No pictures, please: print exactly the lines from the one that contains "ਦਾ ਪਹਿਲਾ ਪੰਨਾ।" through the last line of the listing.

──────

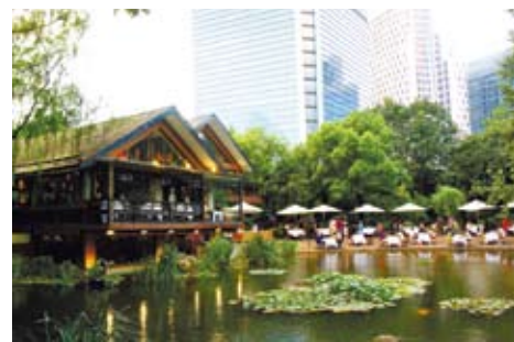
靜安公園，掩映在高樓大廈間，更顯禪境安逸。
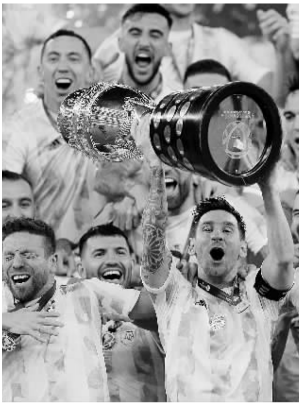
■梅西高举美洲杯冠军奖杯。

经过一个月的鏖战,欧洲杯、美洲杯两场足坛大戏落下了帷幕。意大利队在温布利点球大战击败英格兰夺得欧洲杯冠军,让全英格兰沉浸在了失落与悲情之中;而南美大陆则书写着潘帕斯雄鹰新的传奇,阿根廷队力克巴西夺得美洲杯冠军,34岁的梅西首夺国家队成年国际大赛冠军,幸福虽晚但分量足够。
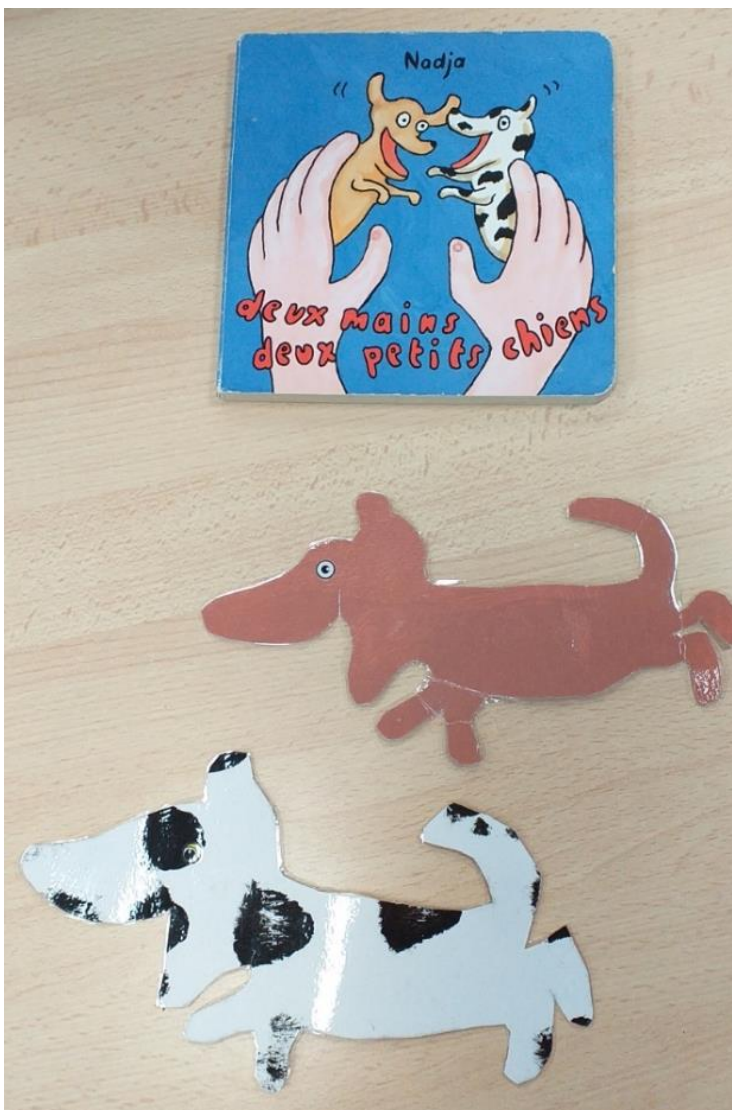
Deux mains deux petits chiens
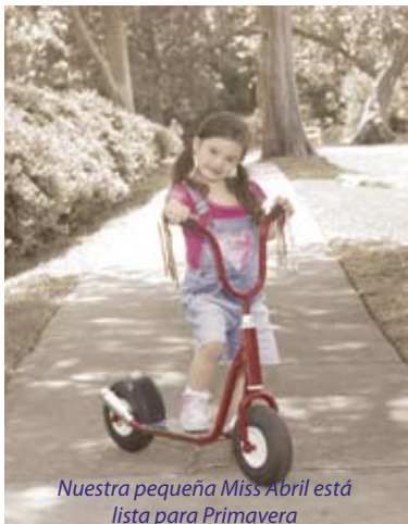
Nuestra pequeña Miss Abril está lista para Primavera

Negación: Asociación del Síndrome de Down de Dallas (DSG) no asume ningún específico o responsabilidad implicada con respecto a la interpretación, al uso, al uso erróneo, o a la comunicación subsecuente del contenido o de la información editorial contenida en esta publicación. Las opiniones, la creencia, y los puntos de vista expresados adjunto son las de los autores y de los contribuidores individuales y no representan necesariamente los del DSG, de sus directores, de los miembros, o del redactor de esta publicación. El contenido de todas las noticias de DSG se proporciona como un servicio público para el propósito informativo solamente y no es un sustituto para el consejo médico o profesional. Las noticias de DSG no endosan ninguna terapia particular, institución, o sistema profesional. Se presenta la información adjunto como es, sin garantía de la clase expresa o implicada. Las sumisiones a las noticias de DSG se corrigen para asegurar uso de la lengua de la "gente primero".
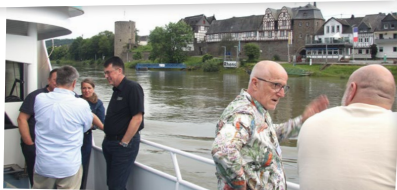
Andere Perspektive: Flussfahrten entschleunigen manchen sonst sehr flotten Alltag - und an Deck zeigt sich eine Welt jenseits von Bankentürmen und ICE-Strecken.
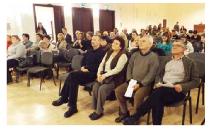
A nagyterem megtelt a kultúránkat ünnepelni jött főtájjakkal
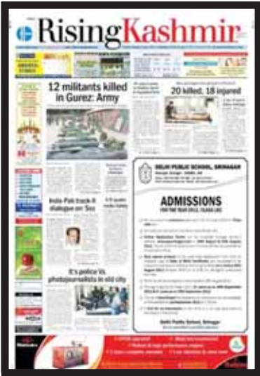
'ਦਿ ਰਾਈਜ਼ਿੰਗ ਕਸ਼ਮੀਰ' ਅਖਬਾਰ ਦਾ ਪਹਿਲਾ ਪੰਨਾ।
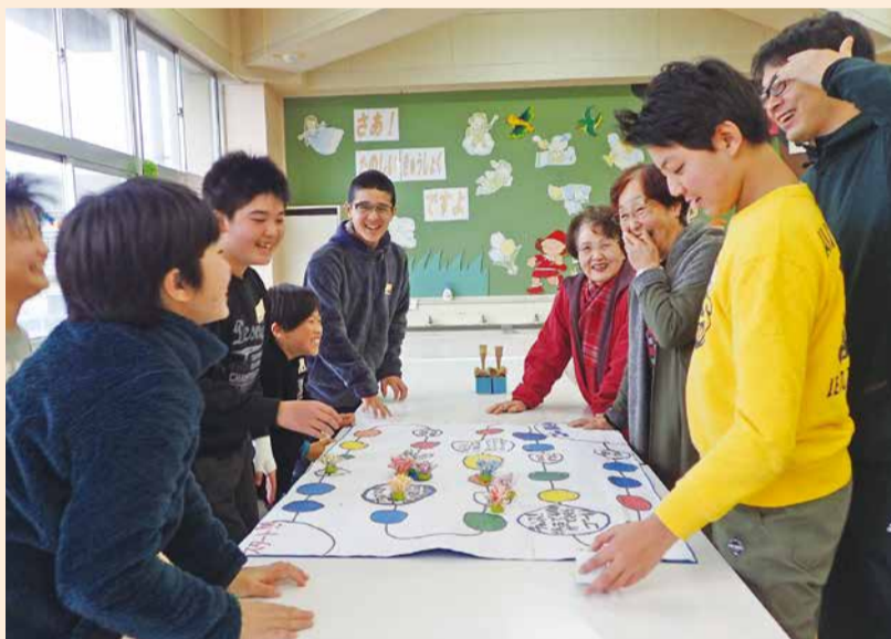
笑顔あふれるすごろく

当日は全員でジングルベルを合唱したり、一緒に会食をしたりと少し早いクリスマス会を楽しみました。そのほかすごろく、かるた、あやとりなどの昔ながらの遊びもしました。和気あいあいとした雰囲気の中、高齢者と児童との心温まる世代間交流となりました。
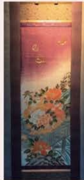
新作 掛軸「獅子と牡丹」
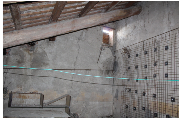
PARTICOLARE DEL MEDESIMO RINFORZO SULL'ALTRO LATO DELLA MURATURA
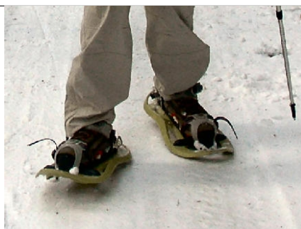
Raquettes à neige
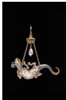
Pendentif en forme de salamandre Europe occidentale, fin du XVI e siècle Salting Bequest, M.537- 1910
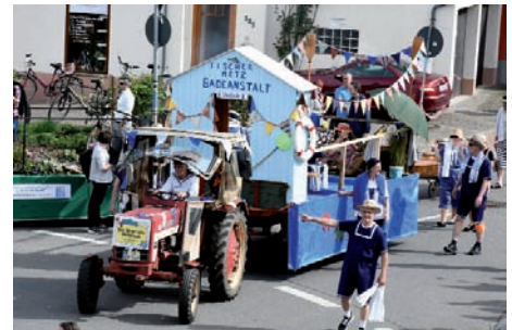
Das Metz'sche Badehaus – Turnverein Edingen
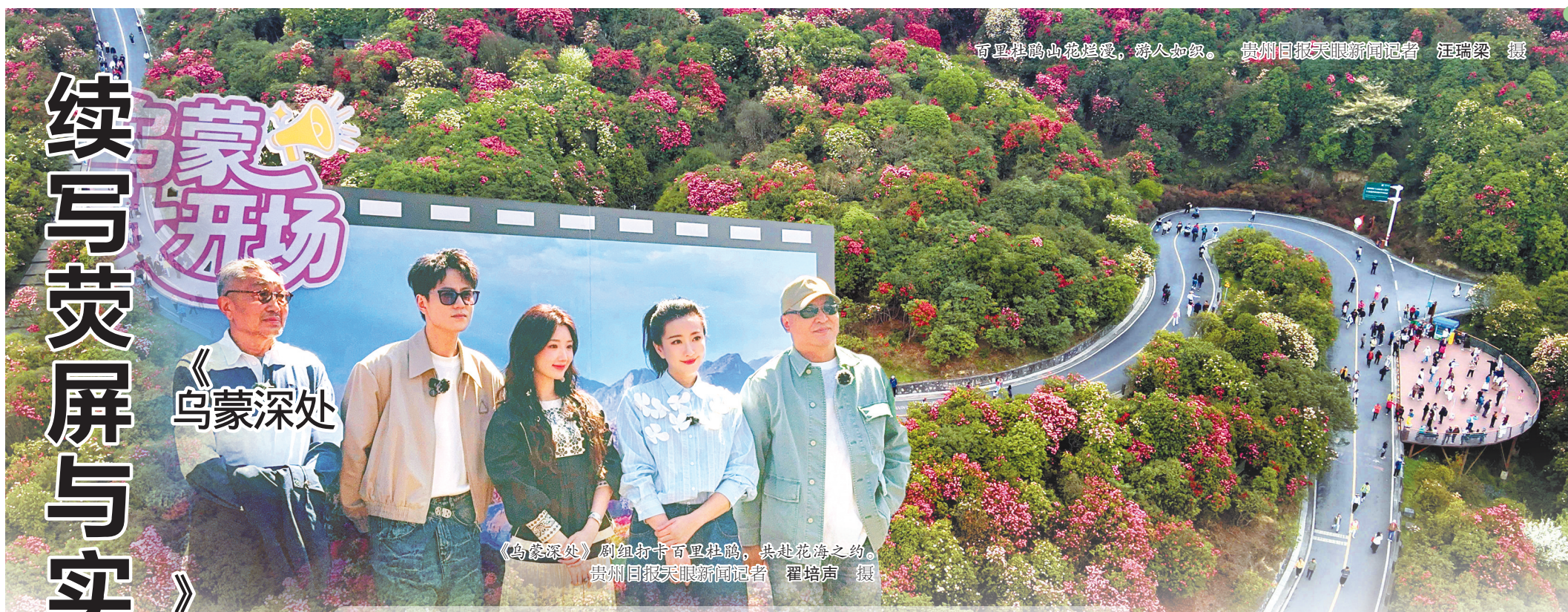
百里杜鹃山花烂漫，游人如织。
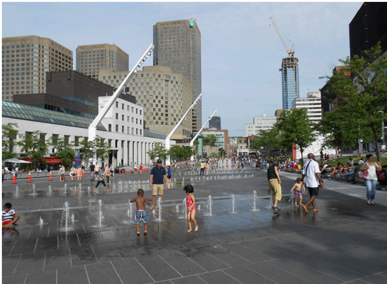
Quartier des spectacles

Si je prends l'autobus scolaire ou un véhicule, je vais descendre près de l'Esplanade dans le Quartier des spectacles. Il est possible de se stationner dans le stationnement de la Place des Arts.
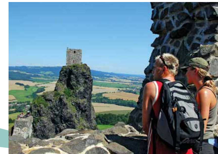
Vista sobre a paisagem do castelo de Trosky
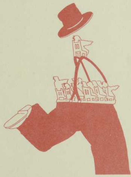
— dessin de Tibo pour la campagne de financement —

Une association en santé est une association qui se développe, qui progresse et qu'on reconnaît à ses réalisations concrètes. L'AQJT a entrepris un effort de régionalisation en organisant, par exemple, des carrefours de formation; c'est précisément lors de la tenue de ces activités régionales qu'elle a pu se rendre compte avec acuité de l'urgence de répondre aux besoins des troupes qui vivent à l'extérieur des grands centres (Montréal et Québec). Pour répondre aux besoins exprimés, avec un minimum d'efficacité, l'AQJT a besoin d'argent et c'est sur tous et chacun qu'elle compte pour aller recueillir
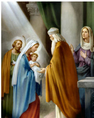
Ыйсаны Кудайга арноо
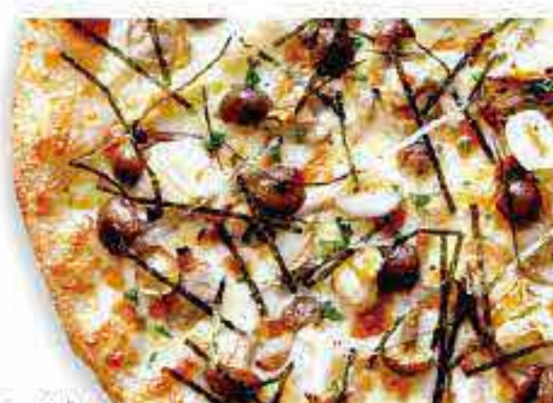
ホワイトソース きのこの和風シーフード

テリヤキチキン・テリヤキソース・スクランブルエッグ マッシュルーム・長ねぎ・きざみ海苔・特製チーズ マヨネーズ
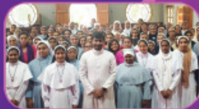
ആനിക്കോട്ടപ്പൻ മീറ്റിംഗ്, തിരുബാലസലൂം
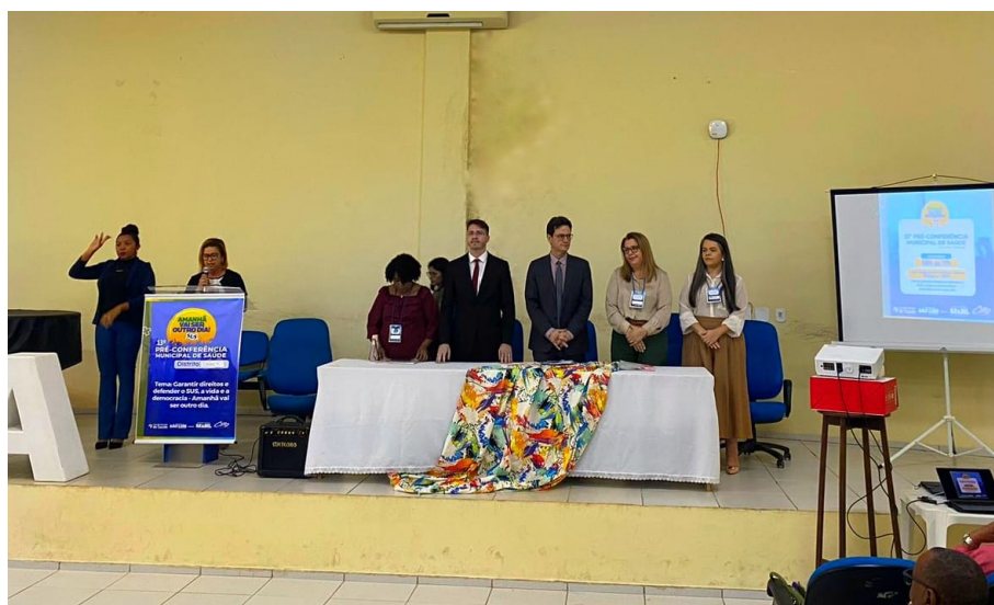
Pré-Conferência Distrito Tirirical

──────

▶ Output below
'ਦਿ ਰਾਈਜ਼ਿੰਗ ਕਸ਼ਮੀਰ' ਅਖਬਾਰ ਦਾ ਪਹਿਲਾ ਪੰਨਾ।
笑顔あふれるすごろく

当日は全員でジングルベルを合唱したり、一緒に会食をしたりと少し早いクリスマス会を楽しみました。そのほかすごろく、かるた、あやとりなどの昔ながらの遊びもしました。和気あいあいとした雰囲気の中、高齢者と児童との心温まる世代間交流となりました。
新作 掛軸「獅子と牡丹」
PARTICOLARE DEL MEDESIMO RINFORZO SULL'ALTRO LATO DELLA MURATURA
Raquettes à neige
Pendentif en forme de salamandre Europe occidentale, fin du XVI e siècle Salting Bequest, M.537- 1910
Das Metz'sche Badehaus – Turnverein Edingen
百里杜鹃山花烂漫，游人如织。
Quartier des spectacles

Si je prends l'autobus scolaire ou un véhicule, je vais descendre près de l'Esplanade dans le Quartier des spectacles. Il est possible de se stationner dans le stationnement de la Place des Arts.
Vista sobre a paisagem do castelo de Trosky
— dessin de Tibo pour la campagne de financement —

Une association en santé est une association qui se développe, qui progresse et qu'on reconnaît à ses réalisations concrètes. L'AQJT a entrepris un effort de régionalisation en organisant, par exemple, des carrefours de formation; c'est précisément lors de la tenue de ces activités régionales qu'elle a pu se rendre compte avec acuité de l'urgence de répondre aux besoins des troupes qui vivent à l'extérieur des grands centres (Montréal et Québec). Pour répondre aux besoins exprimés, avec un minimum d'efficacité, l'AQJT a besoin d'argent et c'est sur tous et chacun qu'elle compte pour aller recueillir
Ыйсаны Кудайга арноо
ホワイトソース きのこの和風シーフード

テリヤキチキン・テリヤキソース・スクランブルエッグ マッシュルーム・長ねぎ・きざみ海苔・特製チーズ マヨネーズ
ആനിക്കോട്ടപ്പൻ മീറ്റിംഗ്, തിരുബാലസലൂം
Pré-Conferência Distrito Tirirical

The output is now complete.